The upper plot shows a moving average of nucleotide diversity, using nonoverlapping windows of size 500 kb. The bottom panel shows a histogram of these (nonindependent) windows, together with two sets of 5000 independently simulated windows. Both sets used the estimated θ = 7.2 × 10^-4, but one used the estimated ρ = 4.2 × 10^-4 whereas the other assumed no recombination within windows.

We also looked for regions of increased variation that might suggest a history of balancing selection. The peaks of polymorphism associated with balancing selection are expected to be quite narrow (Andolfatto and Nordborg 1998; Nordborg and Innan 2003). We investigated the distribution of π using 1-kb windows. Because of the large amount of missing data, the distribution is heavily skewed toward small values (data not shown). However, we also found several windows in which π is more than 10 times bigger than the genomic average. The haplotype pattern for one of these windows is shown in Figure 4. In this 1-kb region, there are 12 common SNPs, 11 of which are in perfect LD; there are two major haplotypes with frequencies 7/19 and 12/19. The average number of nucleotide differences between the two haplotypes is at least 11.4 (singletons and missing data might increase this value); the neutral expectation given an estimated θ of 7.6×10^-4 is 1.7 (Innan and Tajima 1997). This value is consistent with a simple symmetrical balancing selection model with N_es = 5, where s is the selection coefficient (Innan and Tajima 1999). Given the estimated N_e, this would translate into a 0.1% advantage for heterozygotes.

Figure 4.

The pattern of 12 common SNPs between 17043 kb and 17044 kb. Green “C” and black “R” represent common and rare alleles at each SNP, respectively. Empty columns are due to missing data. The numbers give the position on the chromosome.

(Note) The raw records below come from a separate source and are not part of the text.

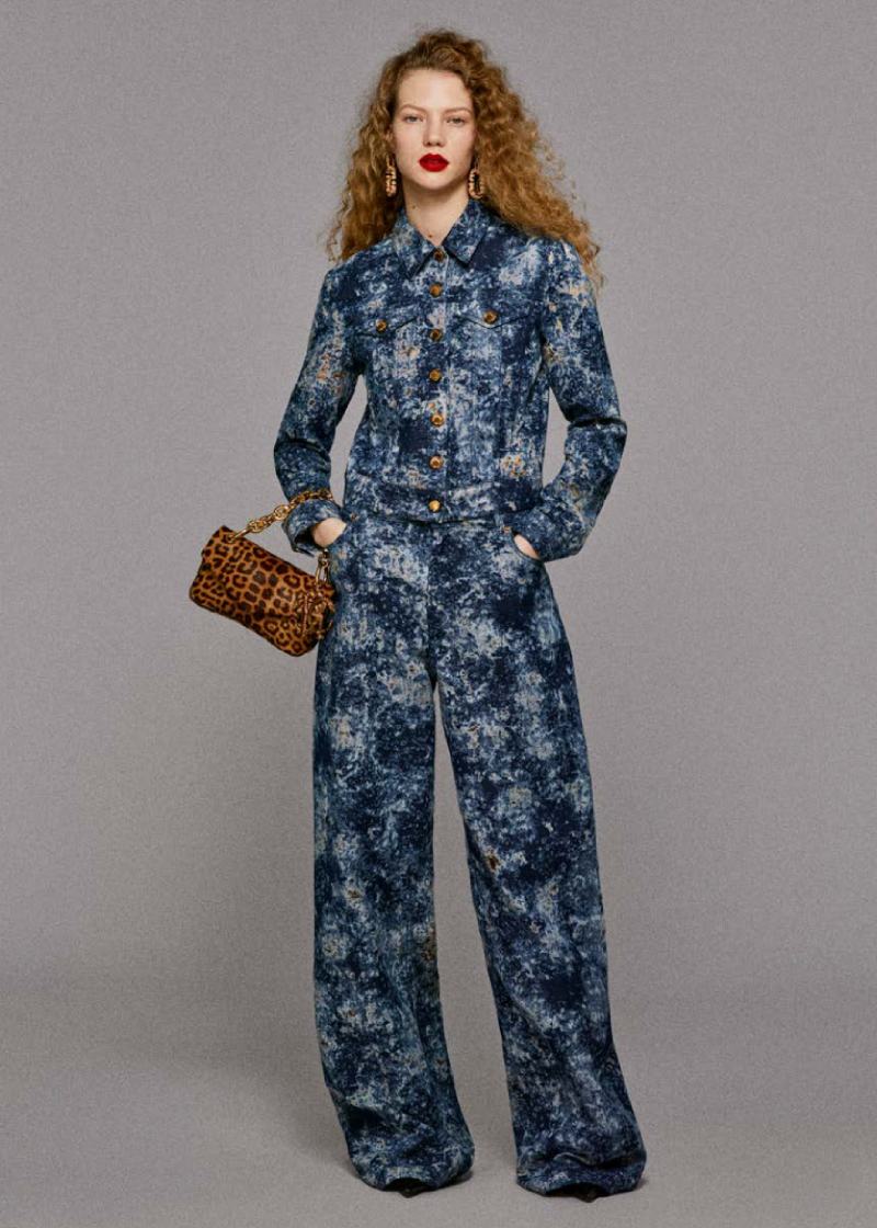 Roberto Cavalli Pre-fall 2025 sigue con jacquards florales sobre tonos neutro en esenciales de sastrería y eveningwear (ojo con el vestido cóctel a lo qipao). Luego, tenemos un poco más de flare italiano, con minivestidos, pantalones y blusas con temas barrocos en dorado y negro. También, hay una elevación del total look vaquero a través de velour azul y bordados abiertos más understated.
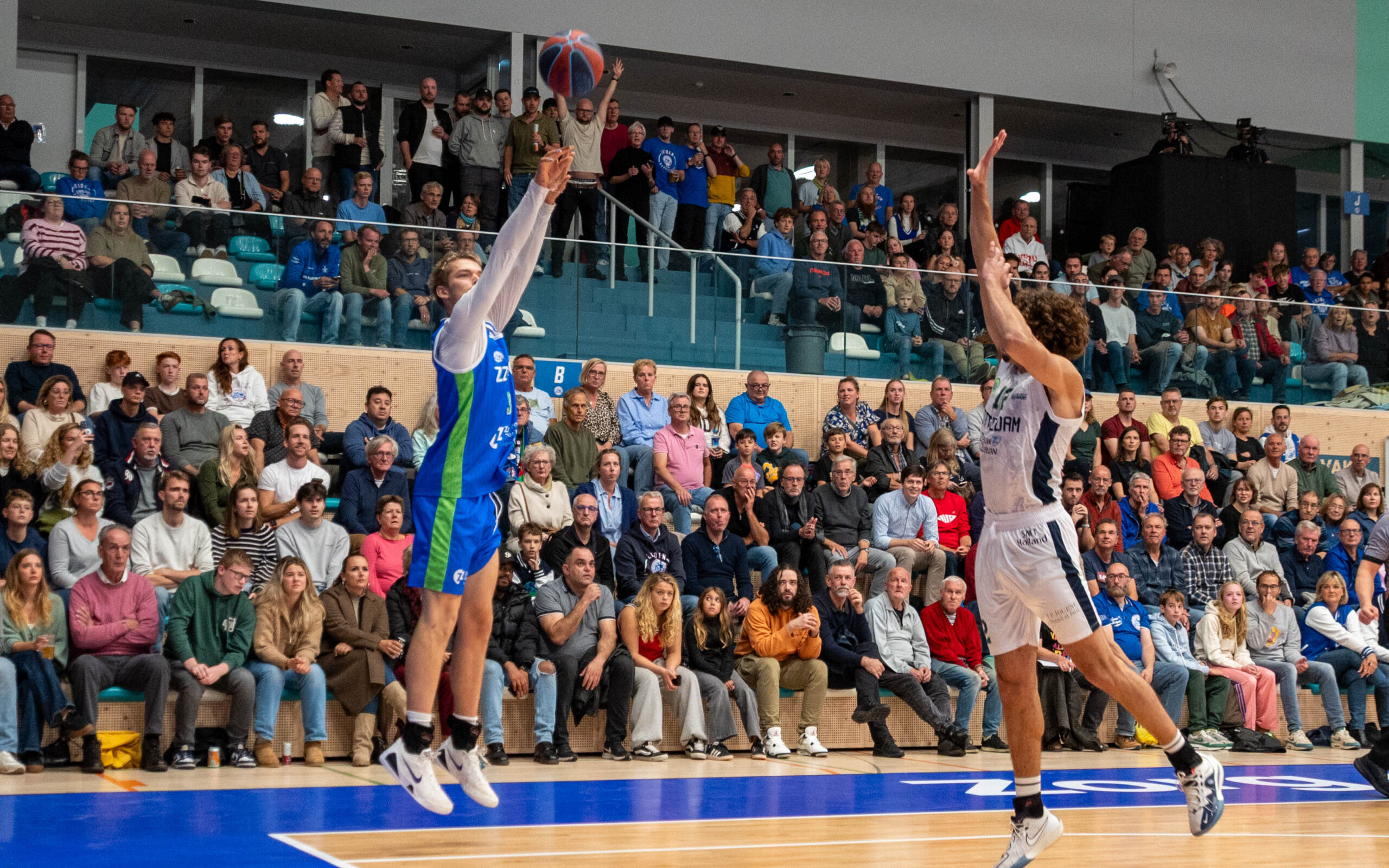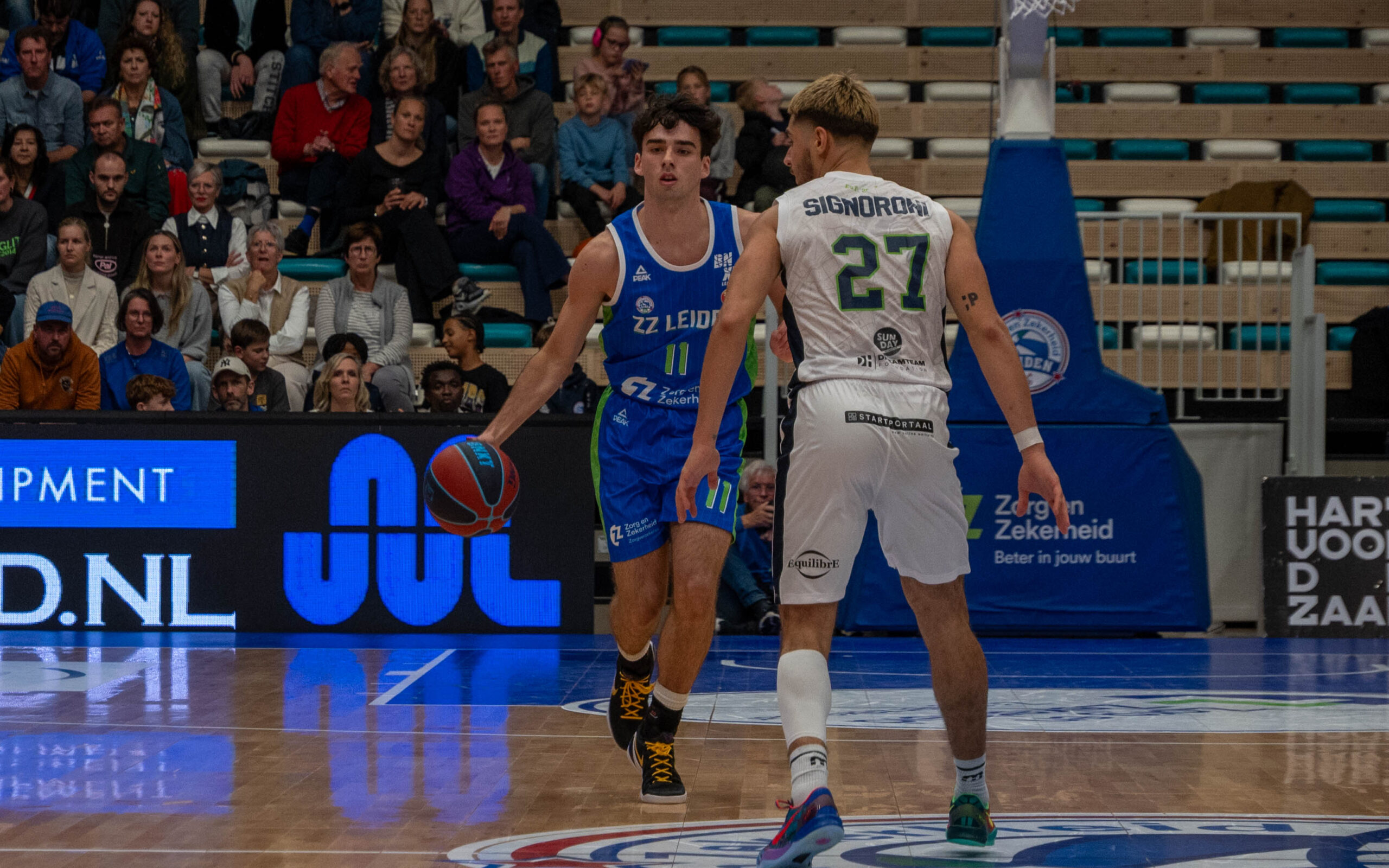 Ook van afstand werd er met scherp geschoten door Javian McCollum en Lucas Kruithof. Via 24-11 snelde ZZ Leiden door naar 30-15, wat de eindstand van het eerste kwart leek te worden. Totdat Dimitri Maconda met nog één seconde op de klok vanaf de middenlijn raak schoot: 33-15.
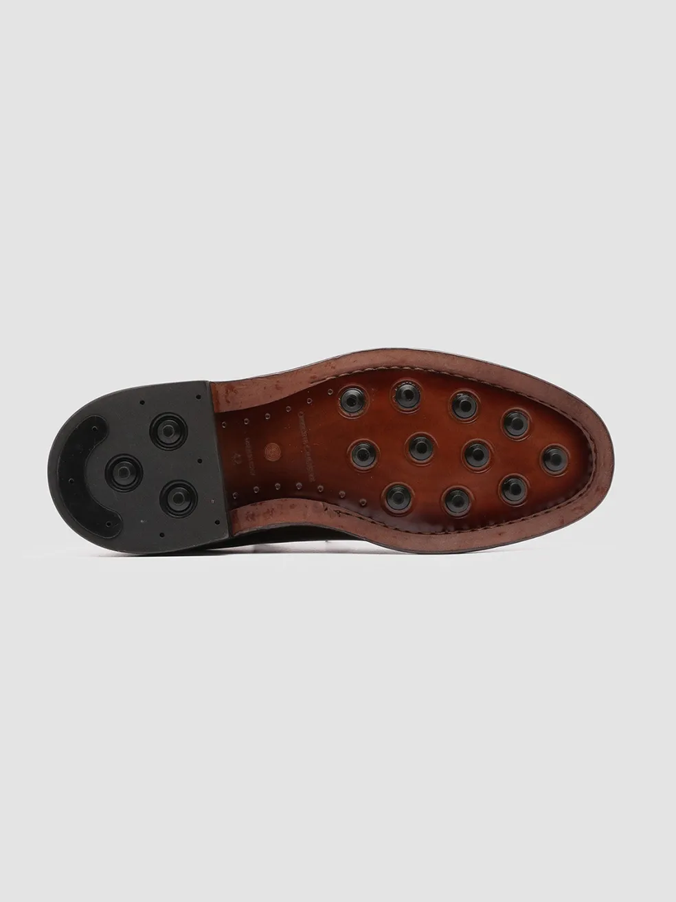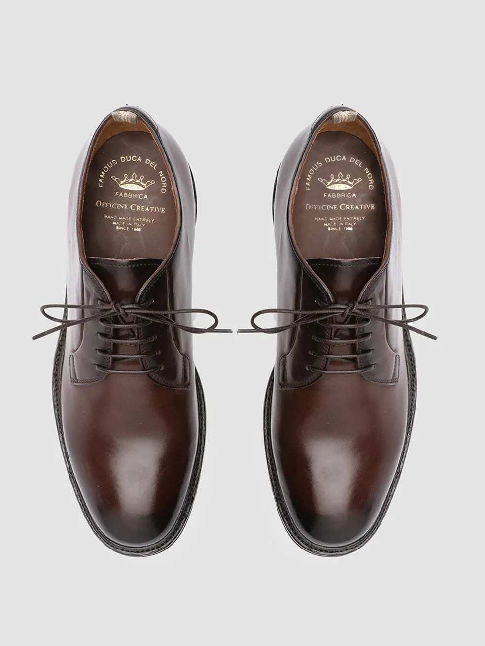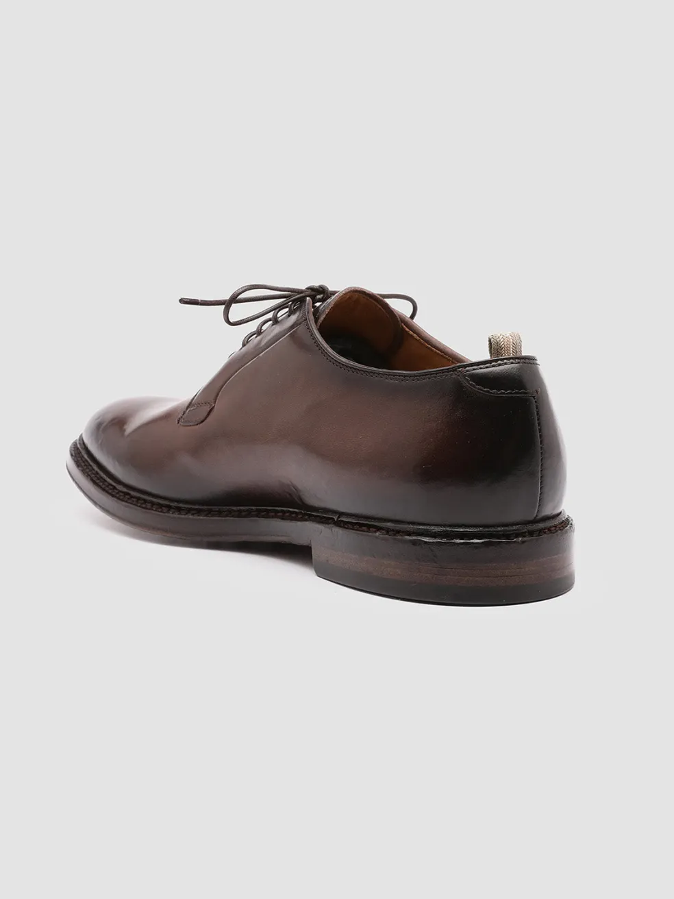 Our Hopkins 003 derby shoes combine impeccable craftsmanship with durability and contemporary sophistication. They’re set on classic leather soles and made from supple airbrushed brown leather that’s been brushed for rugged finish.
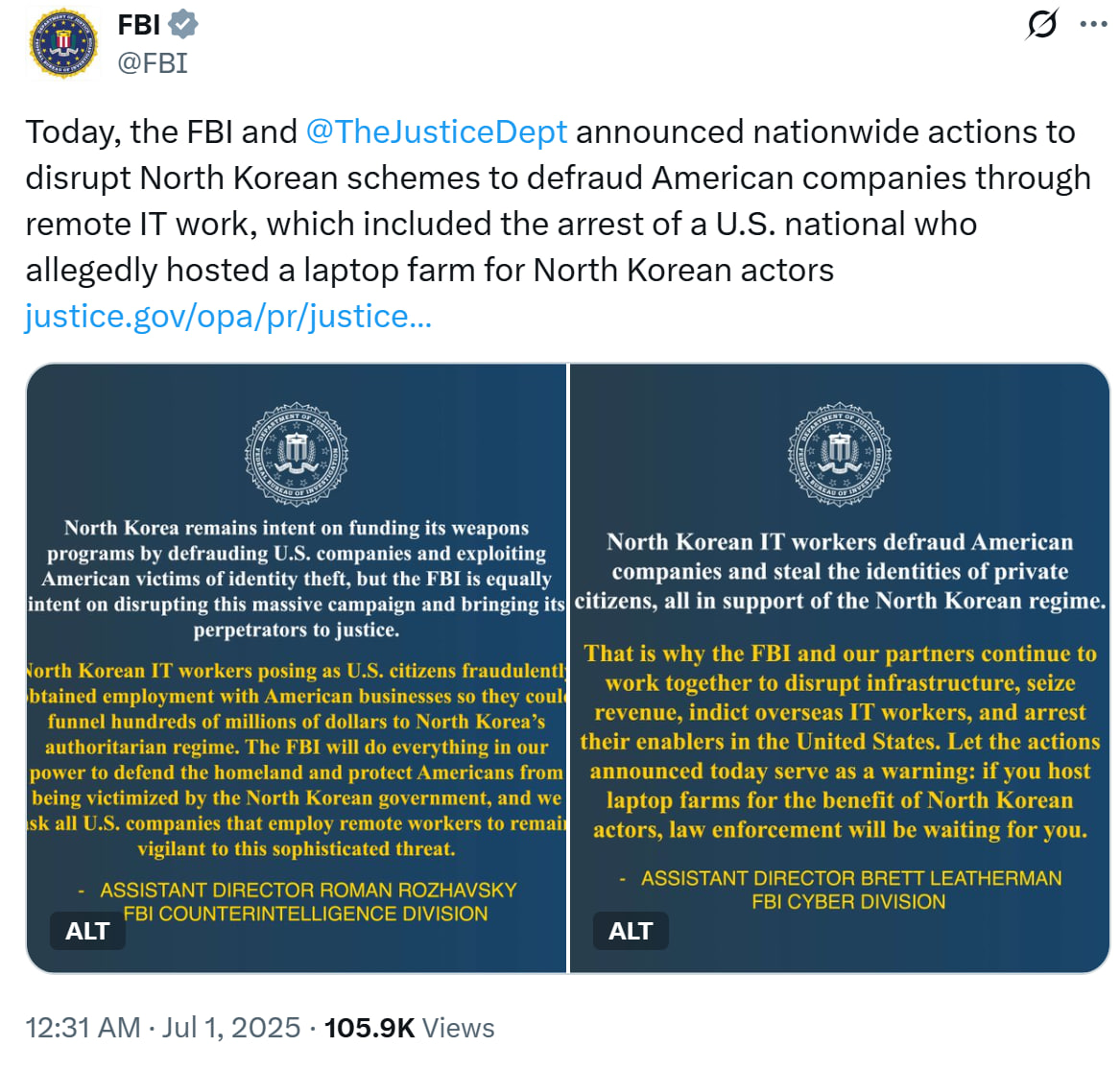 “These schemes target and steal from US companies and are designed to evade sanctions and fund the North Korean regime’s illicit programs, including its weapons programs,” said John A. Eisenberg, assistant attorney general for national security.

However, although such patterns are suggestive of balancing selection, the statistical evidence is not convincing. In fact, we cannot even reject a standard neutral model: Although the high level of polymorphism is indeed highly unlikely, it must be kept in mind that the data have 28,000 windows of size 1 kb. When multiple comparisons are taken into account, we find that we would expect to find a larger number of extreme peaks than was found. This problem is general; many evolutionary phenomena of interest will not be detectable in genomic screens. Independent evidence is essential. In the case of the pattern in Figure 4, there is no predicted gene in or in the immediate vicinity of the region.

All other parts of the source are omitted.